О да, конечно, заверил я его, он может на меня положиться.
Я понимал, что он подозревает двусмысленность, размышляет, в чем именно он может на меня положиться. Судя по его лицу — выводы он сделал неутешительные. Я не был похож на англиканина. Скорее на подозрительного типа, способного на злоупотребления, типа, которого, пренебрегая советом, наняли зачем-то расчищать и реставрировать фреску, на которую глаза б его не глядели, и чем скорее я с ней покончу и уберусь в погрязший в грехе Лондон, тем лучше будет.
— Какая необычная, — сказал я.
— Что?
— Печка, — ответил я, — необычная.
— Безнадежно устарела, — сказал он. — К зиме надеюсь ее выбросить. Я нашел в каталоге только что запатентованную печь с двумя котлами. Каждый котел в водяной рубашке — нет угрозы перегрева. И бесшумная работа гарантируется. — Он преобразился, без удержу нахваливая печку, хотя в Оксгодби она была явлена всего лишь картинкой каталога. — А эта дура или перегревается и накаляется докрасна, или же горит еле-еле, проку от нее никакого. — И он с пренебрежением пнул ее ногой. Они опаляли друг друга точно заклятые враги.
Он готов был говорить еще долго, но я не слушал его, внимательно изучал печку. Меня очень занимали всякие механические штучки. До того дня я увлекался больше часами и механизмами. Раньше меня не интересовали печки, которые топят углем. А у этой были разные винтики и краники, назначения которых я не знал, короче, это чертово чудище обещало мне подарить несколько приятных часов, пока я выведаю все его слабости. Еще я надеялся, что, пока я здесь, Кич не выбросит печку. Как бы то ни было, я ласково погладил место, в которое Кич пнул ее ногой. Если не жалеть топлива и подсобит милейший Моссоп (не знаю, кто такой), печка эта может так раскочегариться, что будет прекрасным наглядным пособием для проповеди об адовом пламени и кладезе бездны [5].
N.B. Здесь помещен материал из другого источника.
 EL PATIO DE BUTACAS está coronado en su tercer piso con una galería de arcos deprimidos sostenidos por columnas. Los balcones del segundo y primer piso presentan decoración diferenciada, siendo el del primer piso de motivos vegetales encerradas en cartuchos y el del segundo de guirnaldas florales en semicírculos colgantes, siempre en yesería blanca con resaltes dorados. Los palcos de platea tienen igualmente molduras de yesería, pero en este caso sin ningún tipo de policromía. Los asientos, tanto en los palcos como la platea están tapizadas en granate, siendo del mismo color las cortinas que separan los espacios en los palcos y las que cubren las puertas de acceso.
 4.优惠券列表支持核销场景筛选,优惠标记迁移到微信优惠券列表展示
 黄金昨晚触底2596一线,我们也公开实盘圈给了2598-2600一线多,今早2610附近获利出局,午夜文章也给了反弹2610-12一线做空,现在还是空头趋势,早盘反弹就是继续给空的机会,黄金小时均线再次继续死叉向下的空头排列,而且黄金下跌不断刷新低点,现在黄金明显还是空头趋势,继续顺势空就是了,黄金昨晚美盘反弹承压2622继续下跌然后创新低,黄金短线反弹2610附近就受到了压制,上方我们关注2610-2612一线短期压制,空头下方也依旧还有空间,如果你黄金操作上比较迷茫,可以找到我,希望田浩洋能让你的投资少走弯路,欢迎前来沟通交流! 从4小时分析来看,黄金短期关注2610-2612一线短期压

Ее украшал большущий герб, увитый железными розочками, на котором значилось, что изготовила ее «Бэнкдем-Кроутер лимитед», что по адресу Грин-Лейн, Уолсол, патент № 7564Б. Да с такой родословной можно заклинать духов! И даже не ветвь генеалогического древа, а целая династия… Бэнкдем-Кроутер, короли печного мира! Кто знает, что сталось с Бэнкдемами, а вот о Кроутере я читал в «Дейли мейл»: он для большей надежности перерезал себе глотку, а потом сиганул с Бридлингтонского пирса. Конечно, его до этого довели не печки, а бабы и лошади. Так прекратились печки Бэнкдем-Кроутер. Невосполнимая потеря для тех частей света, где не обойтись без тепла угольных Печей. Последнюю такую я видел на Ипре. От прямого попадания бомбы церковь рухнула. Но не старушка Бэнкдем-Кроутер! Честь и хвала английскому рабочему!
Дождь стучал по крыше.
— А что конкретно вас в ней не устраивает? — спросил я.
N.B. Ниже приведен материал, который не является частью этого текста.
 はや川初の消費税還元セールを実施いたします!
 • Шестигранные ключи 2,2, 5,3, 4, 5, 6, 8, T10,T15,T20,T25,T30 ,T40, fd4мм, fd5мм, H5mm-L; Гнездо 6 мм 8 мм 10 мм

— Она грохочет, — сказал он раздраженно, — отвлекает прихожан, мешает им молиться и петь, несмышленые ребятишки смеются. И потом, у нее с дымоходом нелады… что-то там скапливается, и дым прорывается в дверцу, а к тому же искры, пепел… да, пепел. Так и сыплется на прихожан. Мне уже столько раз жаловались. В этом году во время вечерней молитвы пятнадцатого января пепел на хоры посыпался, когда певчие гимн исполняли. Хлопьями! Я приглашал специалиста из Йорка посмотреть, что с ней. Он содрал с нас гинею, обещал, что больше она барахлить не будет. А через месяц все снова-здорово. Сейчас вроде бы утихомирилась. Надеюсь, на вас можно положиться, вы не будете мне с ней надоедать.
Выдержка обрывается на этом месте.